With oil prices expected to remain in the three-digits for the rest of this year, the GCC countries’ oil revenues are slated to cross the US$600 billion level this year as well as in 2009, it said.

“The strong economic and investment boom in the GCC region will continue apace for the medium term,” GFH said, adding that the GCC nominal gross domestic product is estimated to cross the US$1.1 trillion, representing 36% growth over US$810 billion estimated for 2007.

GFH said aggregate GCC government expenditure has been forecast to reach US$300 billion for this year, while private sector projects planned and currently underway are valued at about US$2 trillion.

However, the positives for the region came with a price that the region would have to “live with the paradox of single-digit interest rates and high double-digit inflation”, said Ala’a al-Yousuf, Chief Economist at GFH.

So far, the government response to spiralling inflation has been in the form of higher wages, increased subsidies and other cash incentives, the report said, in the absence of any relief from the currency effect of the dollar peg.

“In our opinion, the GCC is entering a phase of loose monetary-fiscal policy spiral, which, together with a wage-inflation spiral, have trapped the region between two impossible trinities,” said Hany Genena, Senior Economist at GFH.

The convention trinity (fixed exchange rate, free capital mobility and independent monetary policy) suggested that the GCC central banks to adopt an “inappropriately” loose monetary stance amid surging inflation, whereas GFH-designed trinity explained the difficulty of maintaining low inflation amid high commodity prices and low interest rates.

“However, as capacity expansion comes on stream during 2009-2010, there will be a gradual softening of inflationary pressures,” Genena said.

He said the GCC-wide crude oil production will increase to 20 million barrels per day (bpd) by 2010 from about 17.5 million bpd at present; while cement capacity in the region will double to 100 million tonnes per year by 2010.
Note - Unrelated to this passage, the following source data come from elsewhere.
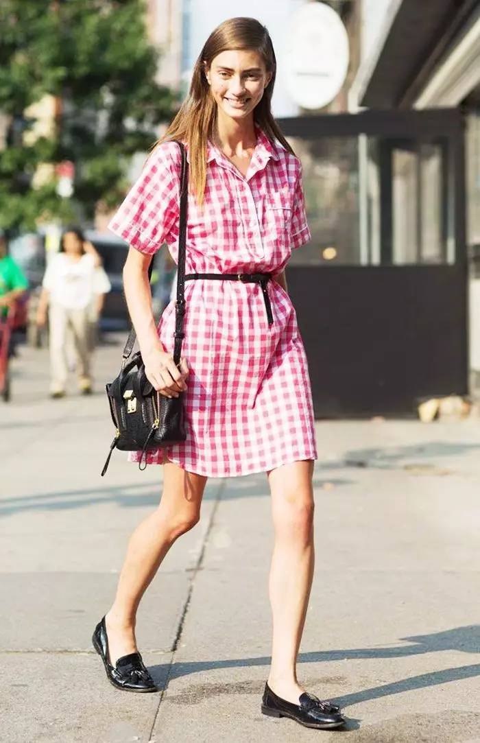 衬衫式的维希格纹连衣裙很适合通勤上班。▼
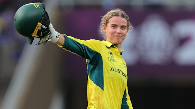 Litchfield hizo historia en el torneo contra India, celebrando su hazaña con una sonrisa radiante después de alcanzar los cien más rápidos en un partido eliminatorio de la Copa del Mundo.
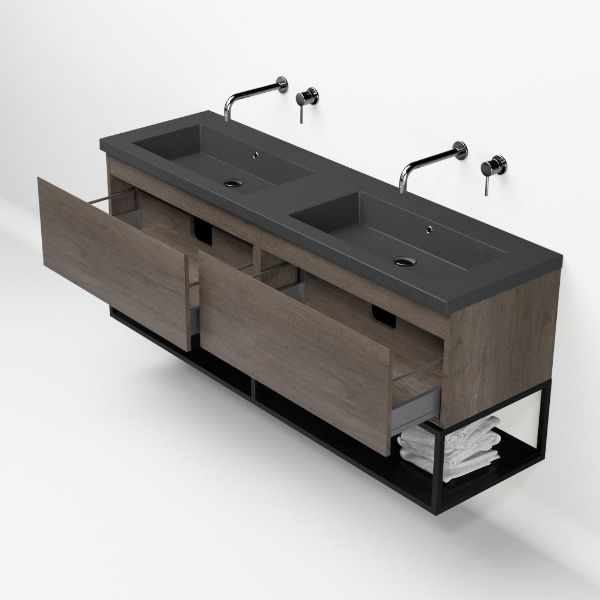 | | Bellanti Solo/Tela/Esta-Q badmeubel 160x46 2 softclose laden olm donker grijs greeploos quartz dubbele wastafel mat grijs zonder kraangaten met mat zwart metalen frame |
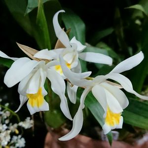 セロジネ インターメディア ラン科 セロジネ属 ふんわり垂れるステムに白い花 ちゃんとこっち向いて可愛い💕 香りは? 全部咲いたらゲ🙀っていうか 好みじゃないクッサ〜ァ💦
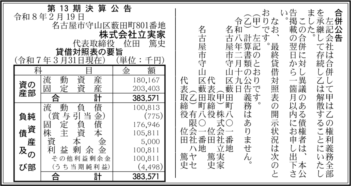 | 会社名 | 株式会社立実家 |
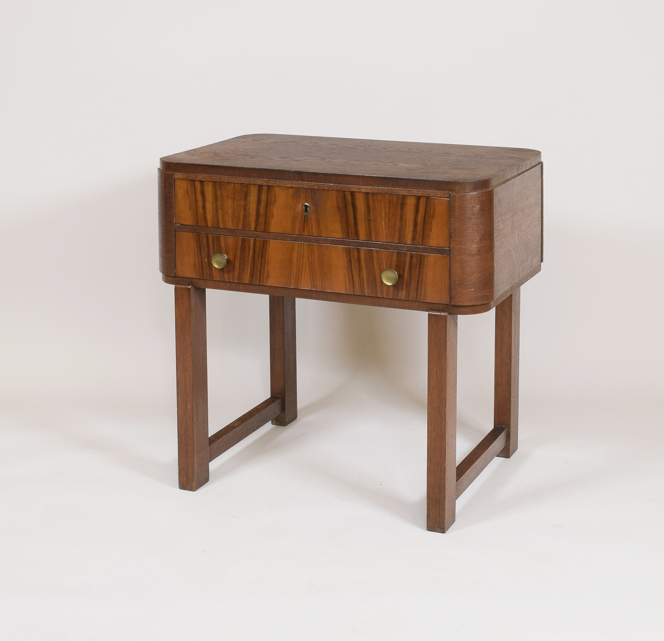 konstrukcja - buczyna, sosna; fornir - orzech, dębina; mosiądz; wys. 66,5 cm, szer. 65 cm, głęb. 42 cm.
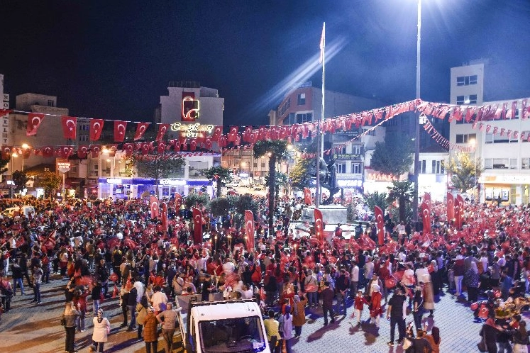 VATANDAŞLAR ELLERİNDE BAYRAKLARLA COŞKUYA ORTAK OLDU
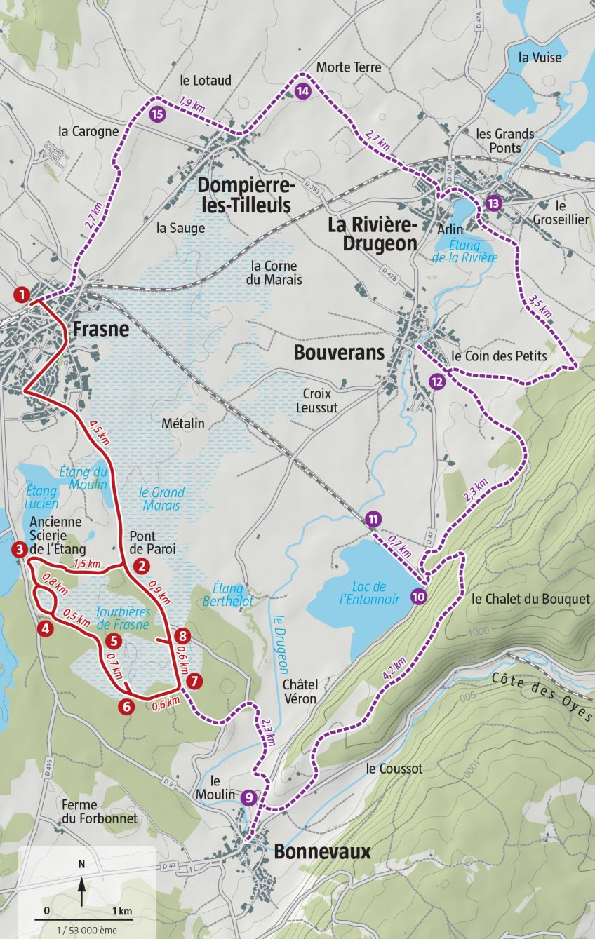 Au (7) tourner à droite. (9) Prendre à droite direction le village pour visiter La Pastorale, une ferme typique. Sinon à gauche, suivre la ligne verte piétonne Bonnevaux-Bouverans. (10) Espace naturel sensible du lac de Bouverans. (11) Un aller-retour possible pour pause pique-nique au ponton du lac. (12) Départ possible depuis la salle des fêtes de Bouverans. (13) Rives de l’étang de La Rivière-Drugeon. (14) Prendre à gauche et longer la D471. (15) Table de pique-nique vers une chapelle entourée de tilleuls pluricentenaires. Retour direction Frasne.
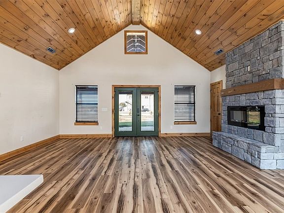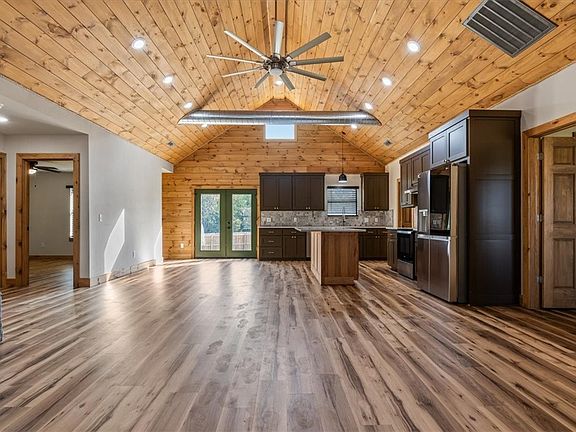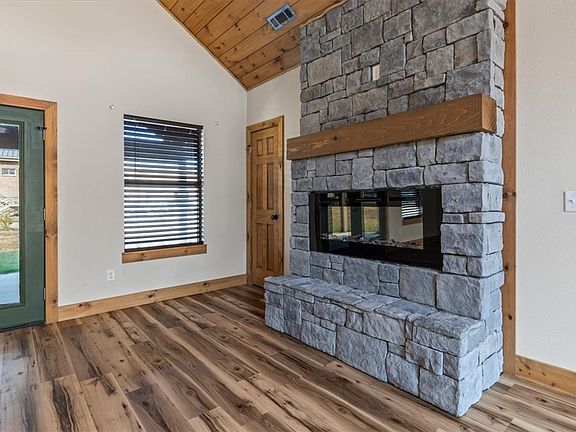 Just completed! Welcome to your stunning new cabin home, boasting custom finishes .HOME IS 1 YEAR OLD. This bright and spacious three-bedroom, two-bath split-floor plan home is situated on a quiet 1-acre lot - inside to grand 15-foot high ceilings in the expansive living area, complete with an electric log fireplace. The luxury vinyl plank flooring adds a touch of elegance and durability, while the ceramic tile in the wet spaces provides functionality and style. Enjoy the great outdoors with two outdoor living spaces - a covered front porch and a back deck. There are no POA restrictions, and the two-car garage with side entry and oversized driveway offers ample parking and storage space. This new build is rare with its prime location, high-end finishes, and unbeatable value. Don't miss your opportunity to call this beautiful cabin home your own. Move-in ready! Features tall pitched ceilings in the main bedroom.
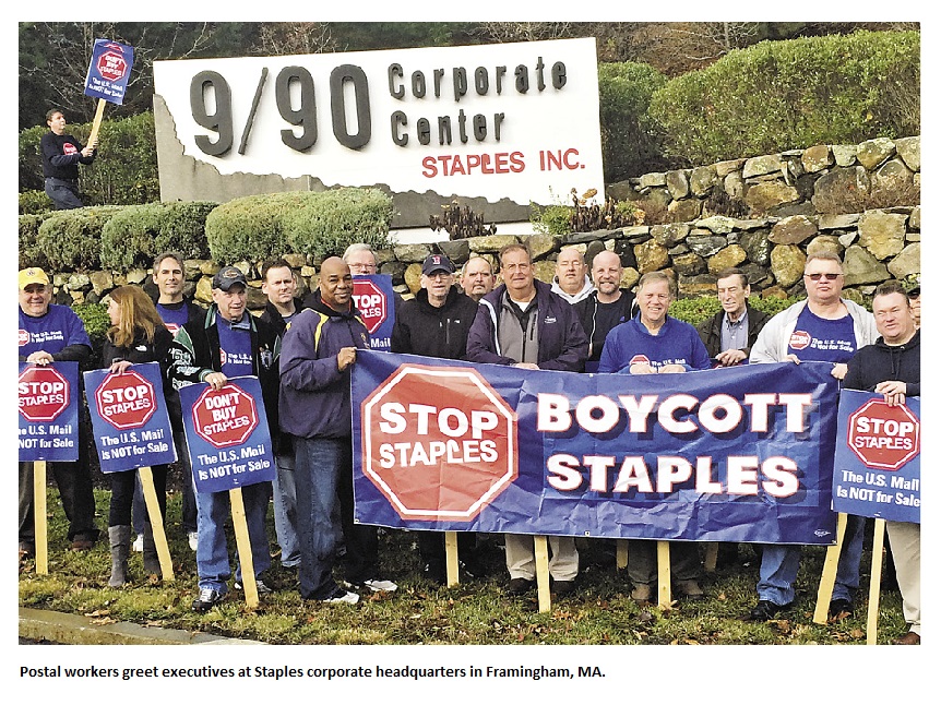 In cities and towns around the country, postal workers and supporters continue to bring the Don’t Buy Staples message to the people. Protests are ongoing in Boston, Philadelphia, New York, Pittsburgh, Atlanta, and the San Francisco Bay Area.
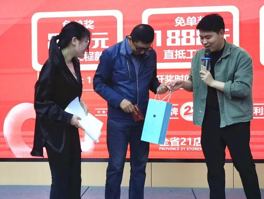 下午2点10分,2点20分,2点30分,分别揭晓惊喜好礼免单大奖!现场抽奖,现金直抵工程款,幸运会落在哪位天选之子的身上呢?我们直接来看看现场吧!

Similar expansions were on the way in several other industries, including petrochemicals and natural gas, he observed.

“All of this is feeding into significantly higher demand for financing, which will fuel a boom in corporate lending,” GFH said.

Banks would continue to enjoy strong growth in business volumes due to robust growth in consumption and investment, relatively low financial leverage of corporate GCC, high demand for Islamic financial products, access to stable deposits and cheap funding costs, the report said.
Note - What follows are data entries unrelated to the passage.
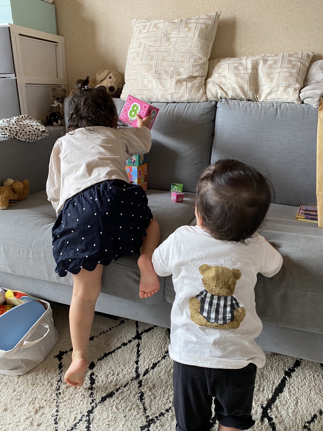 仲が良いところも多々ありますが、今まで独り占めしてきたおもちゃたちを一緒に使うというのはまだ慣れていない様子。
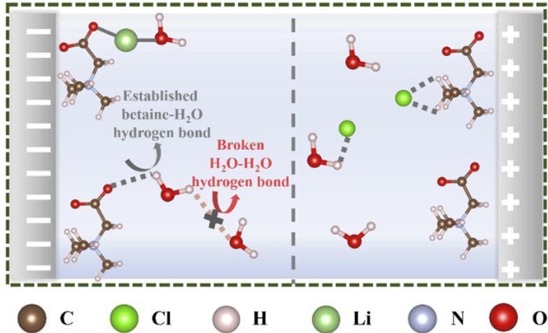 针对以上问题,李磊教授团队发展了一种新的策略,即通过两性离子功能的甜菜碱调控活性炭和水系电解液的固-液界面性质,以提高器件的工作电压和电极电荷存储能力,实现器件能量密度的巨大提升。甜菜碱均匀的包覆在活性炭表面,避免水系电解液和活性炭的直接接触。一方面,甜菜碱吸附电解液中的水,形成新的氢键,破坏水的原始氢键,从而降低活性炭附近电解液中水的活性,导致器件的工作电压从1.0 V大幅增加到1.4 V。另一方面,甜菜碱对电解液离子的吸附能力比活性炭强,导致器件电容在1 A g-1时由21.35 F g-1大幅增加到27.73 F g-1。它们的协同作用使超级电容器的能量密度从2.97 Wh kg-1提高到7.55 Wh kg-1,增加了接近2.5倍;功率密度从4.54 kW kg-1提高到6.82 kW kg-1,增加了1.5倍。同时,器件还具有良好的循环稳定性,在1.4 V和4 A g-1下循环10,000次后,电容保持率接近100%。除此之外,这种策略还极大地降低了器件的漏电流以及电压降。
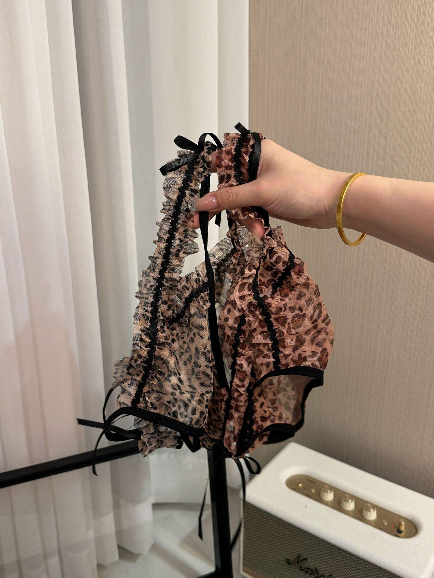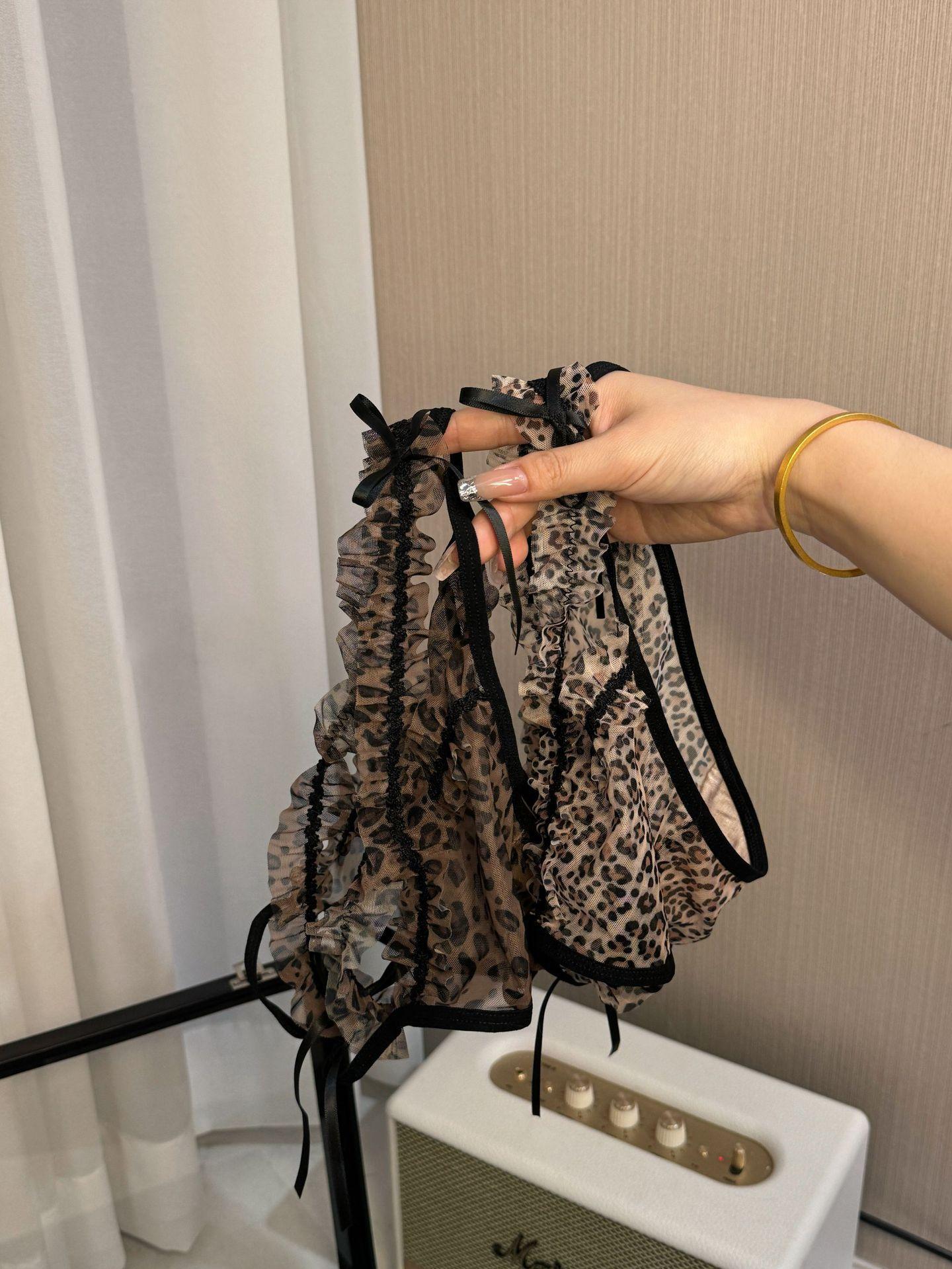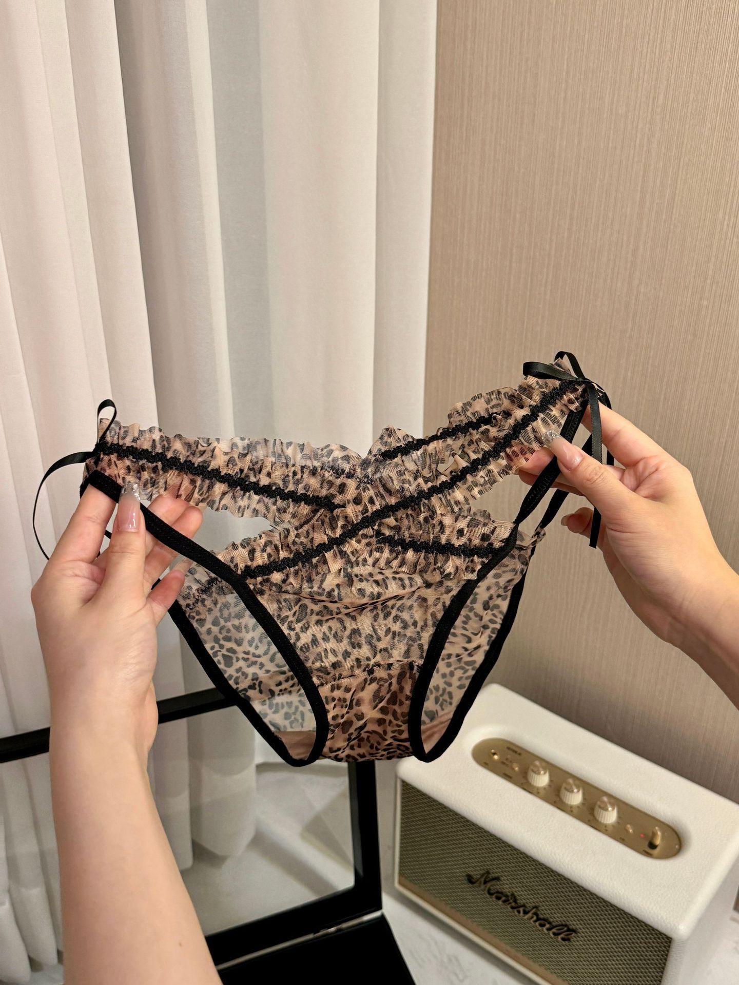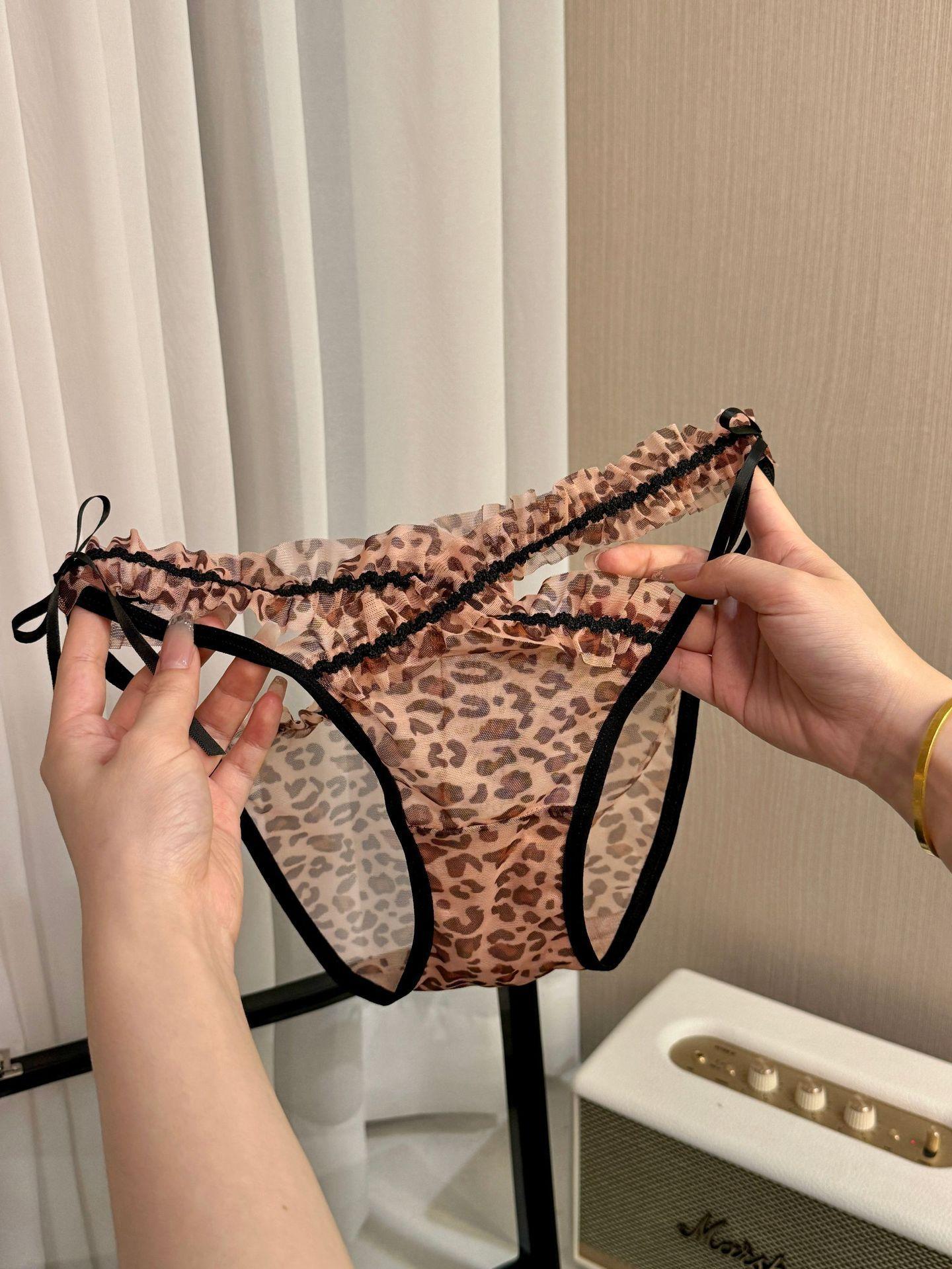 Estampado de leopardo chica~2025 nuevo sexy tanga de encaje tirantes finos deseo puro sexy mujer madura tiro bajo niña bragas triangulares

GFH was of the view that regional equity markets would weather the global storm, buoyed by the explosive growth in liquidity, negative real interest rates, and reasonable comparable valuation multiples.

“While real estate dynamics continue to vary by country and type of property across the GCC, spiraling construction costs (which have risen nearly 200% in recent years) will inevitably cause project delays,” the report said.